Provided data —

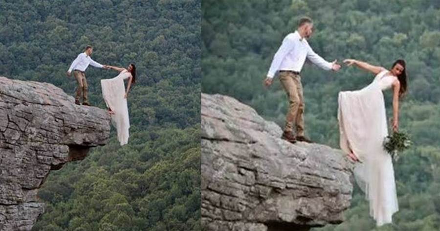 O que era para ser um momento de amor e celebração acabou se tornando um episódio de tensão e risco extremo. Um casal de noivos, em busca da foto perfeita para eternizar o dia especial, decidiu realizar um ensaio fotográfico na beira de um penhasco, e o resultado deixou internautas em choque.
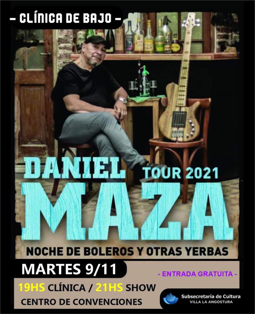 Desde Cultura de Villa la Angostura, invitan a participar de una clínica de bajo el 9 de noviembre a las 19 hs que dictara el destacado bajista y compositor uruguayo Daniel Maza quien interpreta boleros, candombes y salsas entre otros.
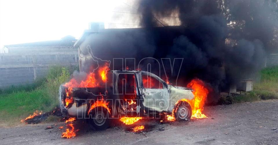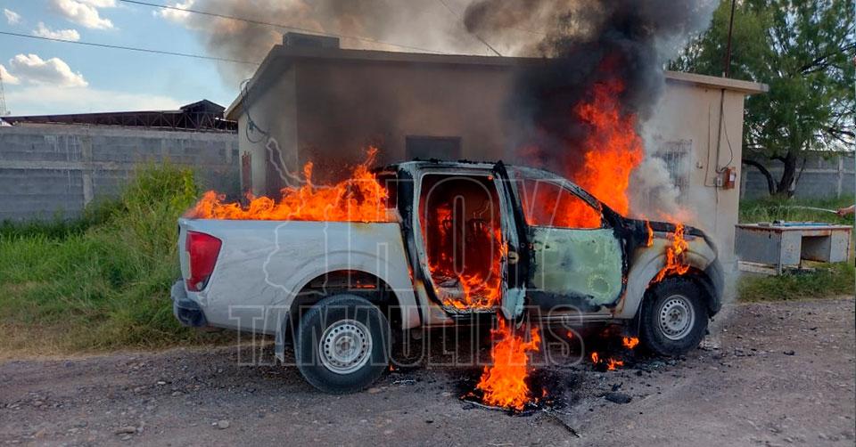 Fuego acaba con camioneta en Camargo, Tamaulipas
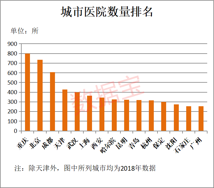 数据宝统计发现,在医院数量规模方面,重庆、北京、天津、武汉、上海入围前五位,其中重庆以800所医院位列百座城市第一位,北京以736所医院排在第二位,成都以606所医院排在第三位。入围前十位的还有上海、西安、哈尔滨、昆明、青岛,其中青岛为非省会城市,不过是山东副省级城市,也是计划单列市,是山东省唯一GDP超万亿元的城市。相比之下,同为GDP万亿元俱乐部成员的长沙、深圳、宁波、无锡、佛山等城市医院数量不足200所。
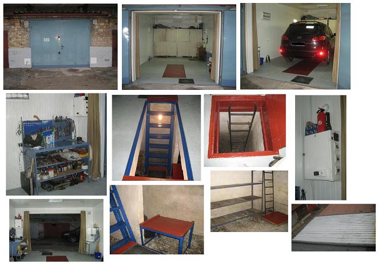 По периметру всего гаража: - Смотровая яма с вентиляцией 1) 2,40 х 0,75, 2) 3,0 х 2,40, высота потолка 1,70 м. - Кирпичные стены, бетонные перекрытия. - Подвал для хранения пищевых запасов с вентиляцией, размер: 0,90х0,70, 2,90х3,20, высота 1,70 м.
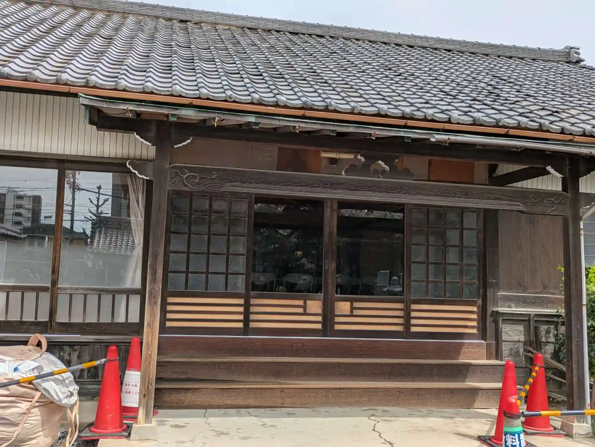境内はなにやら 工事中のようで コーンや機材などが置いてありました
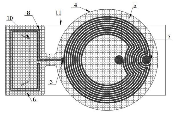 作為本發(fā)明的一種優(yōu)選技術方案:若射頻芯片為具有偵測功能的射頻芯片,則由射頻芯片的射頻端口連接布設于承載基材表面的第一走線,由第一走線在承載基材其中一端的表面上構成射頻輻射結構,并且由射頻芯片的偵測端口連接布設于承載基材表面的第二走線,由第二走線在承載基材另一端的表面上構成偵測結構;
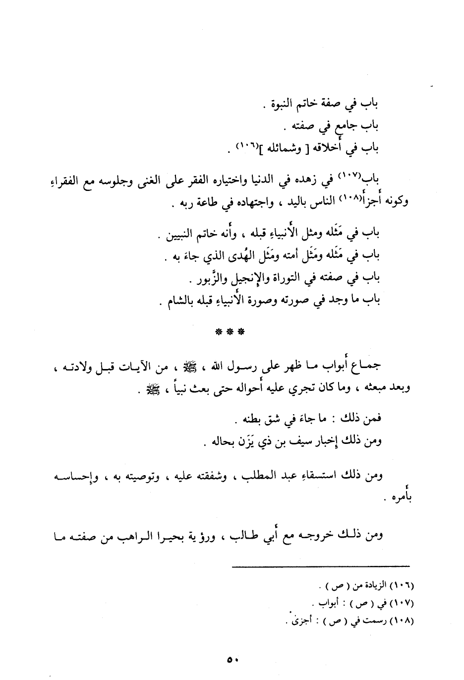 جماع أبواب ما ظهر علي رسول الله، صلى الله عليه وسلم، من الآيات قبل ولادته، وبعد مبعثه، وما كان تجري عليه أحواله حتى بعث نبيا، صلى الله عليه وسلم.

Work instructions —
From the opening line of the entries above to the line containing "Fuego acaba con", please transcribe each line exactly, skipping every picture.

Answer to the problem —
 O que era para ser um momento de amor e celebração acabou se tornando um episódio de tensão e risco extremo. Um casal de noivos, em busca da foto perfeita para eternizar o dia especial, decidiu realizar um ensaio fotográfico na beira de um penhasco, e o resultado deixou internautas em choque.
 Desde Cultura de Villa la Angostura, invitan a participar de una clínica de bajo el 9 de noviembre a las 19 hs que dictara el destacado bajista y compositor uruguayo Daniel Maza quien interpreta boleros, candombes y salsas entre otros.
 Fuego acaba con camioneta en Camargo, Tamaulipas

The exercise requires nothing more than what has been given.